Italian Pasta Recipes


Among the many regional recipes, one of the most ancient in Sicily, is that of spaghetti alla carrettiera, made with few and simple ingredients.

The origins of spaghetti alla carrettiera date back to the beginning of the 1900’s, when in Sicily carters used to transport goods and people, not having money to spend in order to eat in the taverns they met along the road, they used to bring simple ingredients such as pasta, garlic, salt, oil and dry bread.
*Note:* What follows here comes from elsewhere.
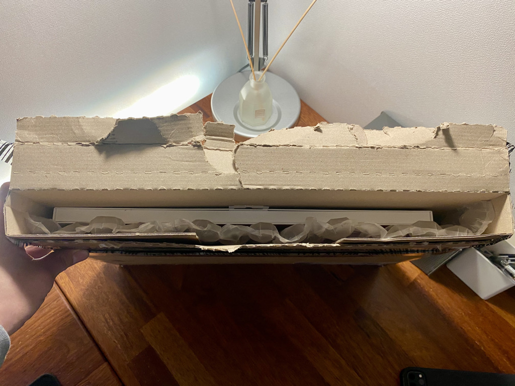 가죽 슬리브는 애플스토어 가로수길에서 구매하려 했지만 코로나 때문에 예약없이는 방문이 안된다는 것을 알고 공식 홈페이지에서 구매했다. 배송은 이틀 만에 왔고 여느 애플 제품과 마찬가지로 잘 포장된 상자에 배송되었다. 상자 안쪽은 에어캡으로 잘 채워져 있었다.

With these ingredients they made spaghetti alla carrettiera, a first course that could be prepared at any time and was also good cold.






  • 12 oz of Spaghetti
  • 14 oz of peeled tomatoes
  • 2 garlic cloves
  • 1 hot chili pepper
  • 1 cup of salted ricotta cheese or breadcrumbs
  • fresh parsley leaves to taste
  • extra virgin olive oil to taste
  • salt to taste



To prepare the spaghetti alla carrettiera, put a drizzle of oil in a non-stick pan and sauté a chopped garlic, parsley and chili pepper.

After a few minutes add the peeled tomatoes, a pinch of salt and cook for 15-20 minutes.

Cook the pasta in salted water, drain when al dente and stir in the sauce.

Serve the spaghetti alla carrettiera with grated salted ricotta cheese or breadcrumbs.